From late 2008 until this summer, Marshall was vice president and general manager of racing at Calder. Florida racing history will show that he was the man who had the job of turning off the lights on Calder’s racing operations.

Marshall previously was vice president and general manager at Meadows Racetrack, a harness track in Washington, Pa.

He joined Calder at the end of a year when its handle began a steep decline, amid disputes with the Florida Horsemen’s Benevolent and Protective Association over purse contracts and other economic issues.

Calder’s problems soon grew with the onset of the bitter battle over racing dates with Gulfstream Park. The resolution came in July 2014, when CDI leased Calder’s racing dates to Gulfstream and its parent company Stronach Group through 2020. CDI continues to own all of the Calder property and manages its casino, offering 1,200 Las Vegas-style slot machines, a prototype plan for CDI’s other casinos.

All of the approximately 100 Calder racing employees except Marshall lost their jobs in mid 2014.

He remained at Calder to help Gulfstream officials coordinate the inaugural Gulfstream Park West meet at Calder last October and November. He stayed until the middle of this year to work on other details of the transition with Gulfstream.

Calder opened in 1971 as Calder Race Course. It now uses the name Calder Casino, but Calder Race Course is still its corporate name.

Calder plans to tear down its grandstand building starting his December, shortly after the end of the Gulfstream Park West meet.

CDI and Calder have not yet provided details for redevelopment of land on Calder’s east side that until this year had housed barns with approximately 1,400 stalls.

Despite constant turmoil surrounding Calder, Marshall made and maintained many friendships in Florida’s racing community. But as conditions in Calder’s barn area continued to deteriorate, so did his working relationship with many trainers and owners.

In doing his job, Marshall was the public face of an out-of-town parent company that had become unpopular with many trainers, owners, breeders and fans.

Based on CDI being able to gain an agreement that lets it keep the Calder casino, one would have to say that Marshall did a good job from his employers’ perspective.

One also would have to say that it would have been callous if CDI had not found another good job for Marshall.

From a distance, it would seem that Marshall’s experience and friendly personality should help make him successful and popular at Lebanon Valley.

Unlike at Calder, Marshall is not walking into a smoldering controversy.

Lebanon Valley opened in early 2014 as one of the first racinos permitted in Ohio under a 2012 state law. It has a harness racing program that enables CDI to have a casino – one of the growth sectors of its business model.

Churchill Downs Stock

Churchill Downs’ stock (Nasdaq; CHDN) closed Tuesday at $139.56 – up 46 percent from $95.30 last Dec. 31.
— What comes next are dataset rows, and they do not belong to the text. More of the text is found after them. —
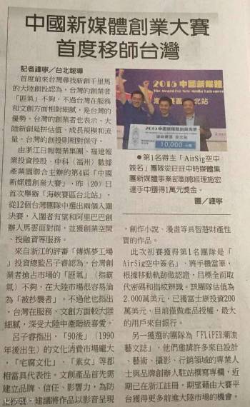 10月20日,2015中国新媒体创业大赛海峡赛区来到台北,见证了当地的创业热情和创客们的风采。本届大赛首次开设了台北赛区,为的是搭建一个平台,让两岸的创客精英团队能同台角逐、同台竞技。12支台湾创客精英团队带着项目现场路演,并接受了评审团的现场提问。最终,“AirSig空中签名:移动端身份认证”和“FLiPER潮流艺文志”两项目胜出,他们将获得主办方提供的创业空间、投融资、市场渠道等一揽子服务。同时,他们还将参加于11月在杭州举行的2015中国新媒体创业大赛总决赛。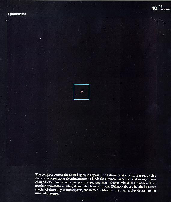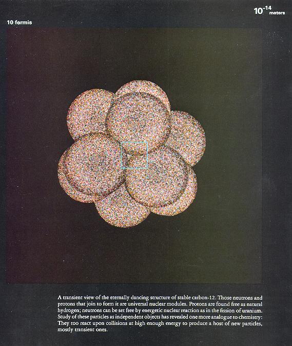 走近点,这就是传说中的原子核了。10的-12次方米叫做一皮米。在0.1皮米的数量级下看原子核就可以看出很多个球球来,它们是带正电的质子和不带电的中子。
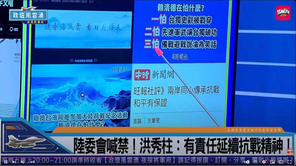 主持人張延廷提到大陸官媒《看臺海》所發佈「海峽時評」表示,在9月3日舉行盛大的閱兵儀式上,受閱官兵雄姿勃發、鬥志昂揚,新型戰車、無人作戰、網電作戰、高超聲速、防空反導等大陸現役主戰裝備和戰略重器一一亮相,宣示了中國人民解放軍粉碎「台獨」分裂和外來干涉的鋼鐵意志和強大實力。解放軍必將堅決維護國家主權、統一、領土完整,為實現中華民族偉大復興提供戰略支撐。而洪秀柱參加卻引來陸委會恐嚇,簡直情何以堪。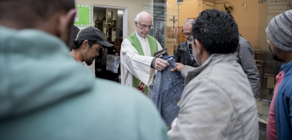 Padre Júlio é um dos homenageados do Trip Transformadores 2018. Durante suas missas, fiéis dividem os bancos com tipos mais heterogêneos e, aos poucos, mais pessoas vão chegando, dentro e fora da igreja, onde moradores de rua buscam roupas, sapatos, cuecas, alimentos, cobertores e o que mais puderem ter.

That is an indication that money managers at mutual funds and other institutional investors do not give a horse’s tail about the way CDI treated employees, horses, horsemen and fans during the final years of racing at Calder.
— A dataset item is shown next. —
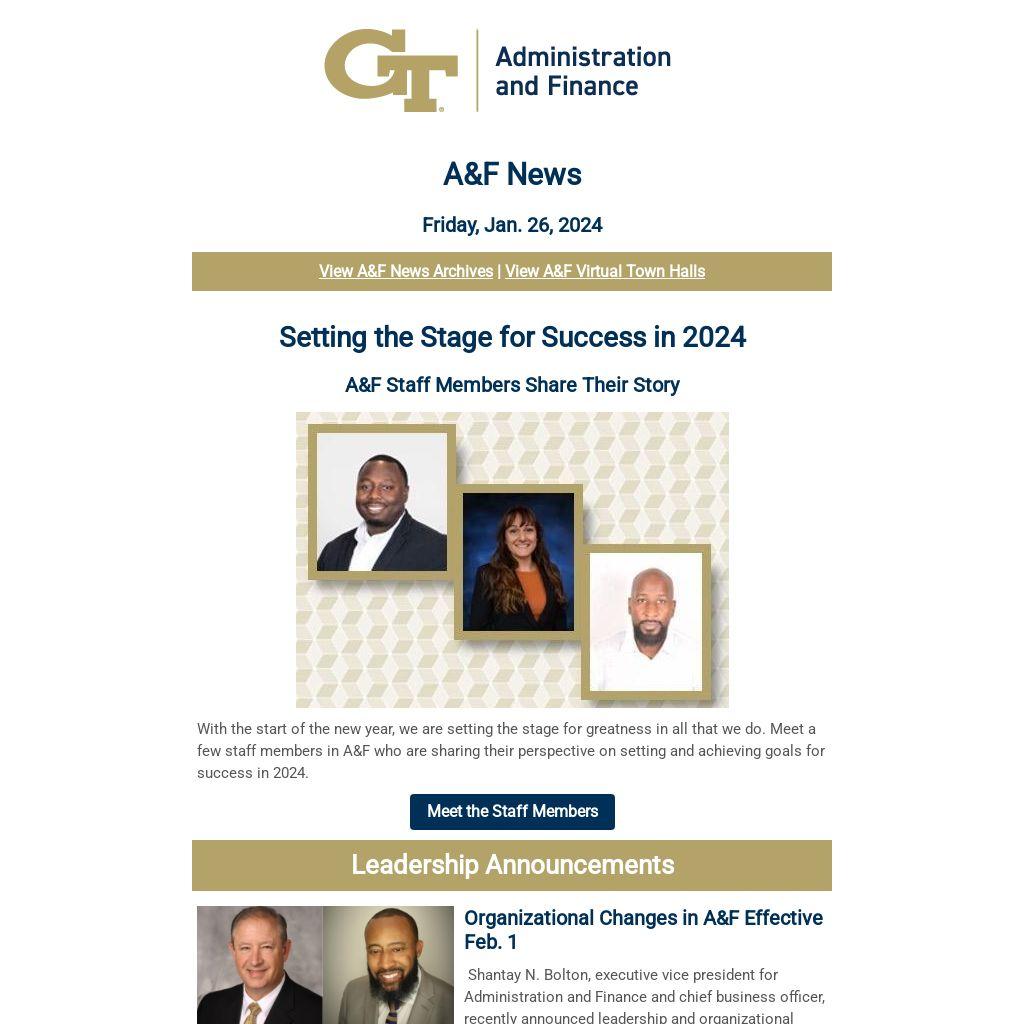 Join us for an A&F Town Hall on Tuesday, Jan. 30, from 2 to 3 p.m. To kick off 2024, this will be a hybrid town hall, and we hope to see you in person.

Now, many people in racing are concerned about the ongoing decline in racing and in the facilities at CDI-owned Arlington Park in the Chicago suburb of Arlington Heights, Ill., and at CDI-owned Fairgrounds in New Orleans.

But that apparently is not a concern for institutional investors. For them, what’s important is that CDI is reducing many of its expenses in racing while diversifying into new businesses and expanding its casino operations.

In releasing second quarter results on July 29, CDI chief executive officer Bill Carstanjen said:

“Our second-quarter delivered record revenues and Adjusted EBITDA ($157.2 million) driven primarily by a fantastic 2015 Kentucky Oaks and Derby and by the contributions of our Big Fish Games division.  While all of our segments showed improvements, Big Fish Games was our largest growth catalyst for the quarter and further validates our strategy to enter the online and mobile games segment.”

CDI acquired Seattle-based Big Fish last November. It makes social games for use on home computers and mobile devices.